Sección: Cultura General 19 marzo 2019 06:00 pm

Nomofobia: La adicción al teléfono móvil

 ¿De dónde proviene el término Nomofobia?

El término que define la adicción a un teléfono móvil es Nomofobia, que proviene de la nomenclatura “No–Mobile-Phobia” que viene a representar el miedo que sienten algunas personas por salir de casa sin su teléfono móvil.

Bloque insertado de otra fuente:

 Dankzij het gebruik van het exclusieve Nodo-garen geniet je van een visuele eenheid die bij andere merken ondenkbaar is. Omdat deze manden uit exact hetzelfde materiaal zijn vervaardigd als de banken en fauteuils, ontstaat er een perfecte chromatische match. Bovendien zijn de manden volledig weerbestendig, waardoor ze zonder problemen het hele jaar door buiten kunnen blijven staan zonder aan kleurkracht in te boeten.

Se caracteriza por un nerviosismo creciente, angustia, sensación de soledad y de estar ilocalizable cuando no se lleva un móvil. Aunque aún no es considerada una enfermedad, es una realidad cada vez más presente en nuestra sociedad, que retrata una relación de dependencia patológica con el objeto tecnológico.

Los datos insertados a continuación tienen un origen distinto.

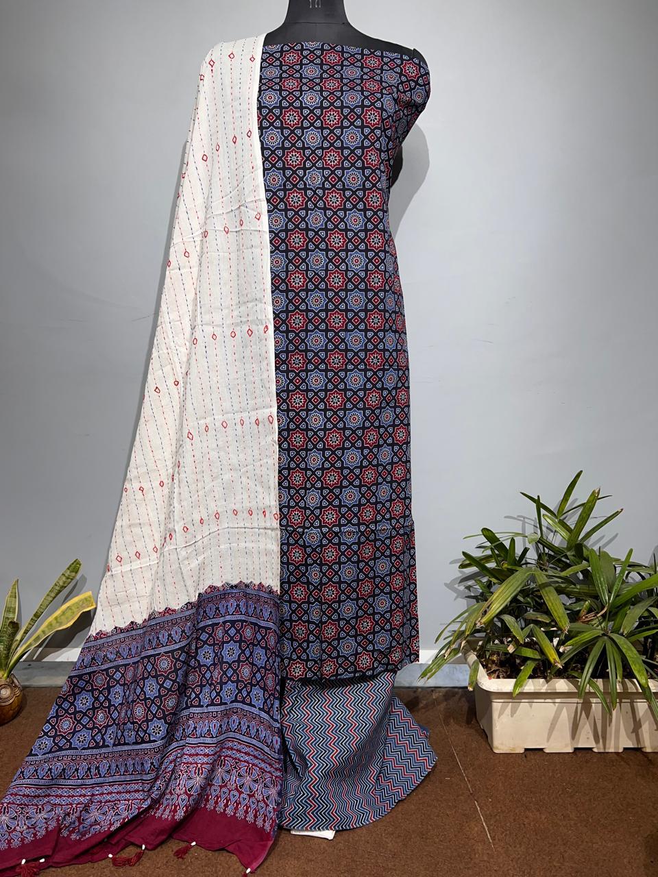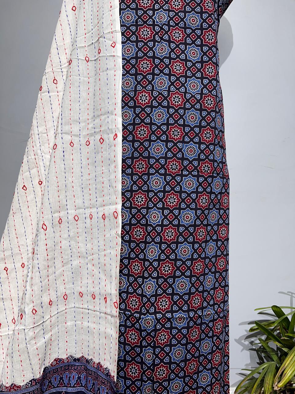 Pure Cotton Azrakh Print Unstitched suit With Dupatta

La irrupción de las nuevas tecnologías
Con la llegada de las nuevas tecnologías, nos encontramos con los teléfonos móviles, aparatos de gran funcionalidad para el día a día por su capacidad de comunicación, que irrumpen desmesuradamente en nuestra sociedad hasta tal punto que nos sería muy difícil imaginarnos una vida sin ellos ahora mismo.
Queda atrás tanto el recurrir a las bibliotecas, libros y enciclopedias para consultar una duda, como el formato de carta escrita para comunicarnos con nuestros seres queridos, las cuales suponían una gran inversión de tiempo, ya que desde que se enviaba hasta que se recibía pasaba un periodo de tiempo que hoy día seria inconcebible.
Está claro que nuestra relación con el mundo ha cambiado y nuestro comportamiento también, ya que hemos tenido que irnos adaptando a todos estos cambios.
Como ya hemos visto cualquier comportamiento reforzante puede provocar una adicción tenga o no sustancias químicas. El uso de los Smartphone puede ser muy gratificante y reforzante pero un uso inadecuado de ellos podría desembocar en una adicción, aunque aún hay una incógnita por saber si las nuevas tecnologías generan un trastorno adictivo de la misma manera que las adicciones conductuales.
En lo que sí hay un acuerdo es que los Smartphone se crearon con un fin de uso adaptativo, pero en muchas ocasiones derivan en un uso adictivo, aquel uso que la persona hace de forma abusiva provocando consecuencias negativas en su vida.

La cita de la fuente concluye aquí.